By JULIE JASON June 03. 2017 1:48AM


The U.S. Department of Labor's fiduciary rule finally goes into effect on Friday, and it will affect you if you have an IRA or a 401(k). The rule establishes a higher standard of care for some financial advisers.

If you are like most Americans, however, you might not be aware of the rule and its effects on how you manage your retirement accounts. Sixty-eight percent of those surveyed by Financial Engines recently have not even heard of the DOL's fiduciary rule.

The rule has to do with an adviser's duty to you, the client, when dealing with retirement accounts. Advisers' activities are regulated by federal and state securities laws, and those regulations impose different legal standards based on the statutory division between broker/dealers (the Securities Exchange Act of 1934) and investment advisers (the Investment Advisers Act of 1940).

Plus, marketing titles don't help consumers distinguish financial advisers who work for broker/dealers (BDs) and those who work for registered investment advisers (RIAs) - everyone is a "financial adviser" or a "wealth manager" these days. Neither title tells you anything about duty to the customer. Consumers are not aware of the difference in standards - the lower standard of suitability applies to BDs, and the higher standard of fiduciary applies to RIAs.

To add to the confusion, some BDs are "dually registered" (also RIAs); their advisers may act as fiduciaries some of the time.

That's the regulatory landscape when it comes to securities laws - the laws that regulate financial advisers and the firms they work for.

So now, the DOL comes into the picture with a set of rules that do not supersede or displace the rules the BDs and RIAs must follow. Instead, the rules add responsibilities for both, raising the bar for BDs and adding additional hurdles for RIAs who are already held to a fiduciary standard under the securities laws.

I'll give you more details on distinctions in a future column.

In the meantime, let me share what Americans know about their financial advisers' duties, as recently reported by Financial Engines.

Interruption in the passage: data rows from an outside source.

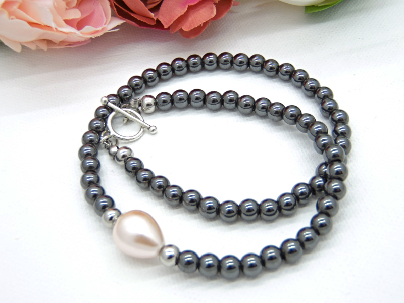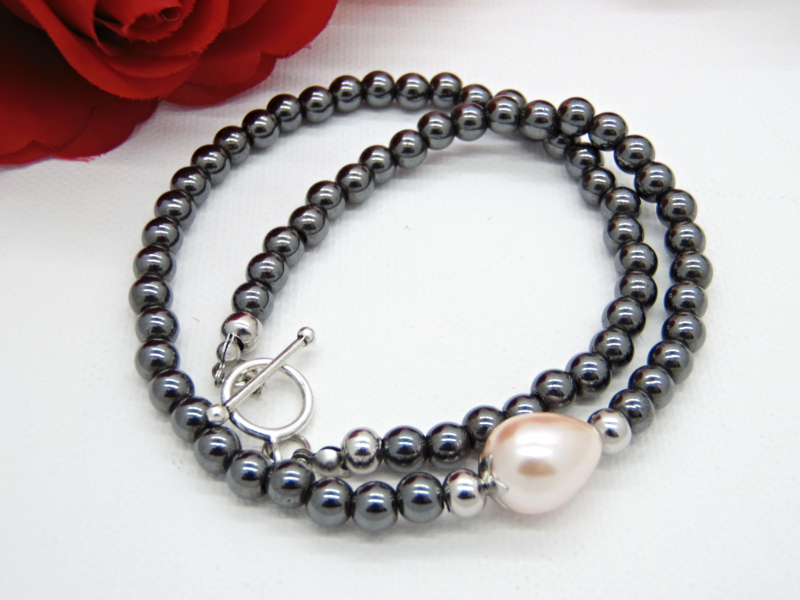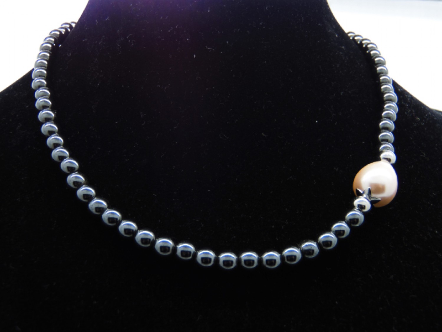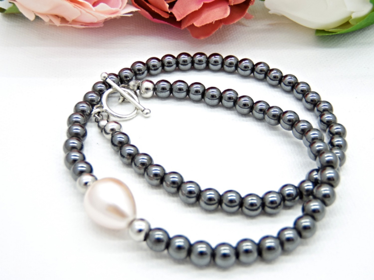 Colier handmade unicat - hematit si perla de Malloca (cod726)
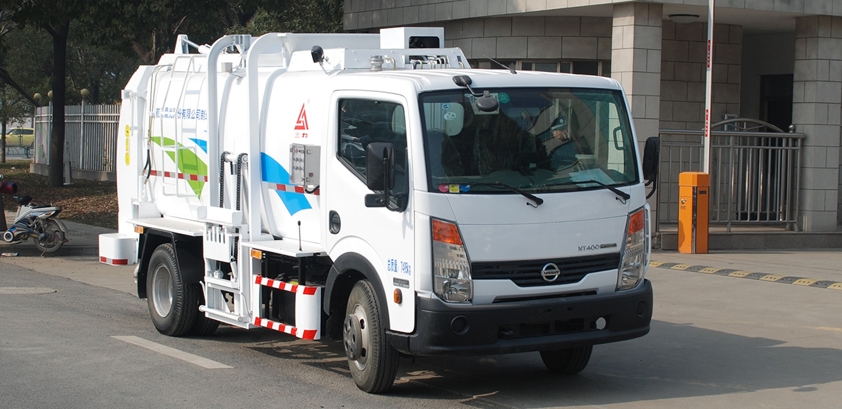 CGJ5071TCA型餐廚垃圾車是對賓館、餐廳、食堂的廚余垃圾、食品加工的廢料、副食品集貿(mào)市場和超市的過期商品等直接收運的專用車輛。該產(chǎn)品通過底盤取力器驅(qū)動液壓泵,產(chǎn)生高壓油,帶動液壓系統(tǒng)工作,從而提桶機構(gòu)和頂蓋工作,將垃圾桶內(nèi)垃圾倒入箱體;到指定地點,打開后門,推出推板進行卸料,完成作業(yè)。
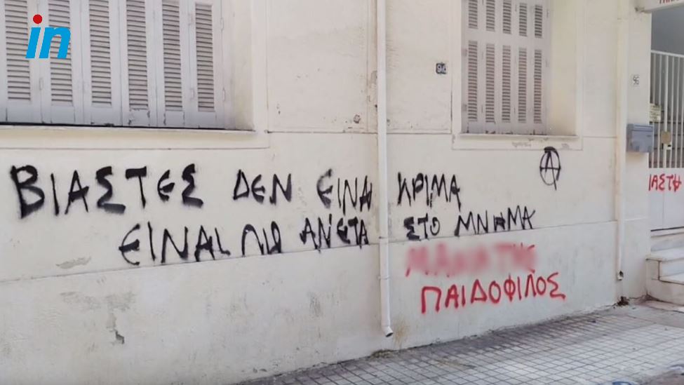Όπως φαίνεται και στις φωτογραφίες του in, έγραψαν τις λέξεις «βιαστής» και «παιδόφιλος».
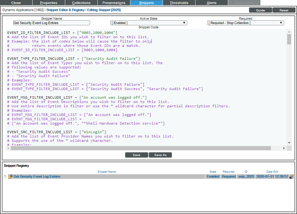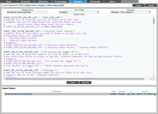The following Snippet Dynamic Applications can be used to collect data from system, application, and security event logs on Microsoft Windows servers:
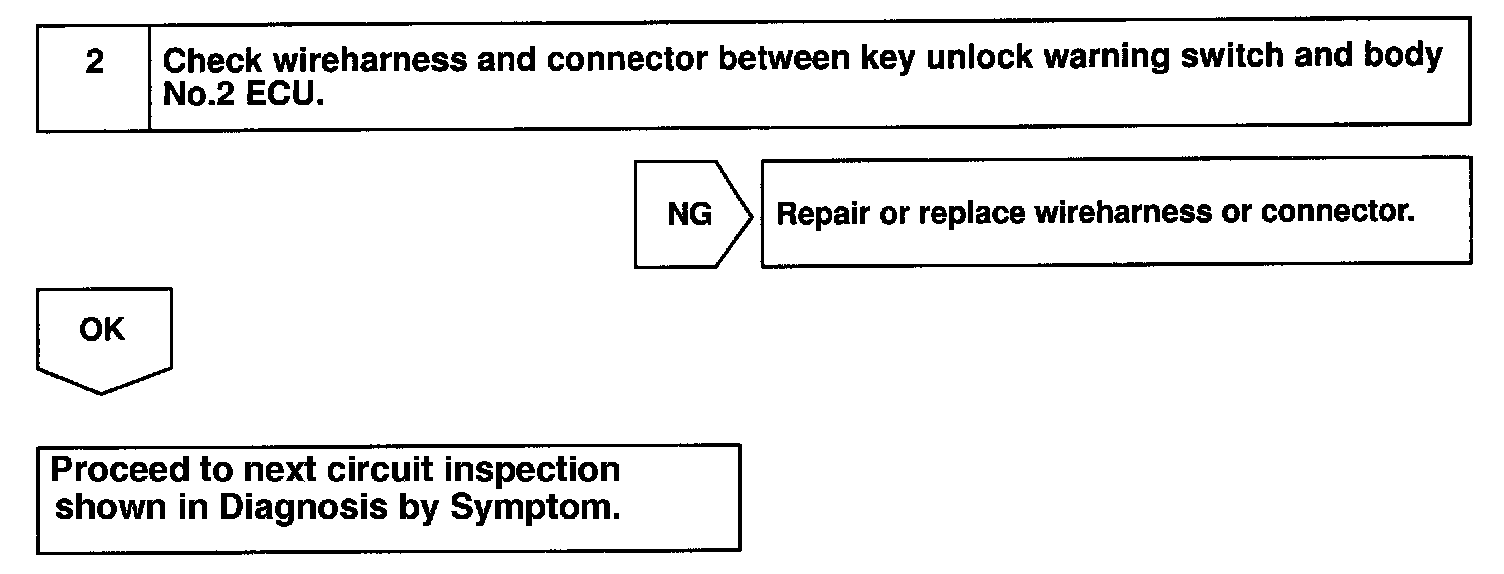 CIRCUIT DESCRIPTIONThe key unlock warning switch goes on when the ignition key is inserted in the key cylinder and goes off when the ignition key is removed.
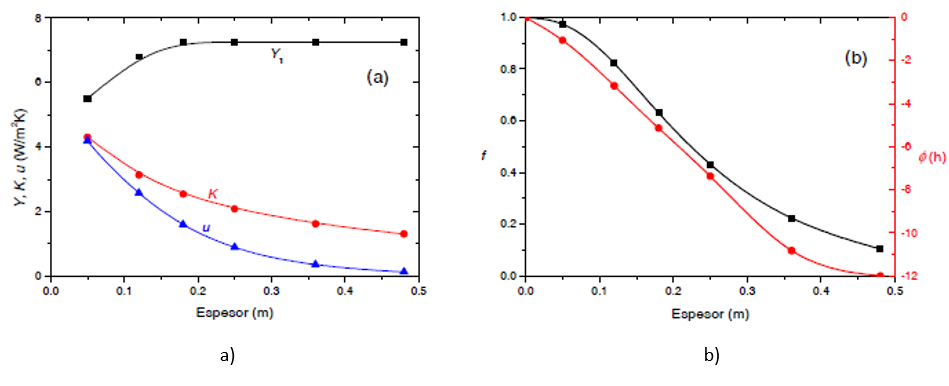 Existe cierta similitud entre la admitancia, la transmitancia dinámica, y la transmitancia térmica de un cerramiento porque las unidades para las tres es la misma, [W/m2/ºC], pero la transmitancia térmica se refiere al estado estacionario y no depende de la densidad o del calor específico del material. En tanto que la admitancia como la transmitancia dinámica son números complejos y pueden expresarse mediante una amplitud y una fase y dependen de las características del material del muro. La amortiguación y el tiempo de retraso entre la ocurrencia de las temperaturas máximas a cada lado de la pared, son función de la transmitancia dinámica. A modo de ejemplo, en las Figuras 18 a y b se representan gráficamente los valores de estos parámetros en función del espesor de un muro de mampostería.
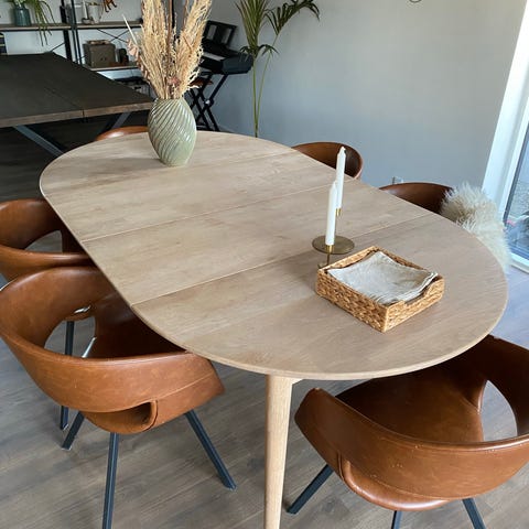 udtræksbord længde udtrukket 170 cm 6 personer er folieret med laminat
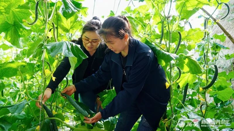 4月23日,精河县茫丁乡东庄村村民陈燕家的黄瓜进入采摘期,下周就能大量上市售卖了。石榴云/新疆日报记者 白素君摄
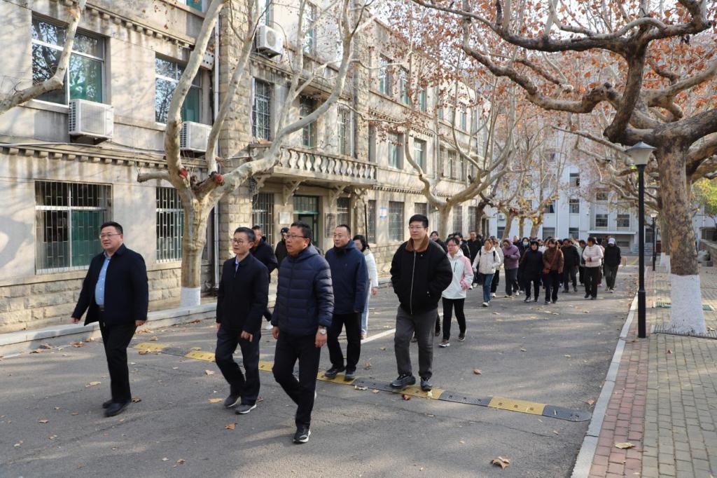 健步走起点设置在东校园南门,沿林荫道走完东校园。活动过程中,教职工们热情高涨、精神抖擞,有的三五成群并肩前行,畅谈工作与生活;有的相互鼓励、比拼速度;还有的驻足欣赏沿途美景,用手机记录下欢乐瞬间。途中,大家互帮互助、欢声笑语不断,形成了一道靓丽的冬日风景线。

The results are illuminating.

When asked, "Do you know the difference between a financial adviser who is a 'fiduciary' and one who is not?" the majority (61 percent) said "No." Would you also answer "No"?

Fifty-three percent believe "all financial advisers are legally required to put the best interests of their clients first when they give advice on retirement investments." We know that is incorrect.

Thirty-eight percent of those who were currently working with a financial adviser did not know if the adviser was a "fiduciary," meaning he or she is legally required to put your best interest ahead of his or her own when making a recommendation.

Thirteen percent thought it was a good thing that some products paid commissions to advisers "for steering their clients' money into certain investment funds" that could have higher fees. Forty-eight percent thought this was "a bad thing for me," and a very large percentage (38) were not sure. It's a bad thing for all concerned if the goal is a higher commission to the adviser.

Seventy-two percent (not 100 percent, as I would have thought) said "Yes" to the following question: "Would you support requiring all financial advisers who provide advice on retirement assets to be legally required to put your best interest first?" But 93 percent said it was important "that all financial advisers providing advice on retirement savings be legally required to put your best interest first."

If you knew the financial adviser was "legally required to put your best interest first," would you be more likely or less likely to want to work with the adviser? The majority responded yes, but not as many as you would think. Only 65 percent said yes; 9 percent said no; and 26 percent said they didn't know.

What would people do if they found out their adviser was not a fiduciary? Only 12 percent would stay in the relationship.

Let me share one final question, which really shows how little people know about the subject: "Who do you think stands to benefit the most from the fiduciary rule?" Twenty-eight percent said average-income investors; 17 percent said banks and other large financial institutions; 17 percent said financial advisers; 12 percent said wealthy investors; 7 percent said large employers; 6 percent said small employers; 6 percent said politicians; and 8 percent said others.

If people believed in the fiduciary rule, they would see it as benefiting them.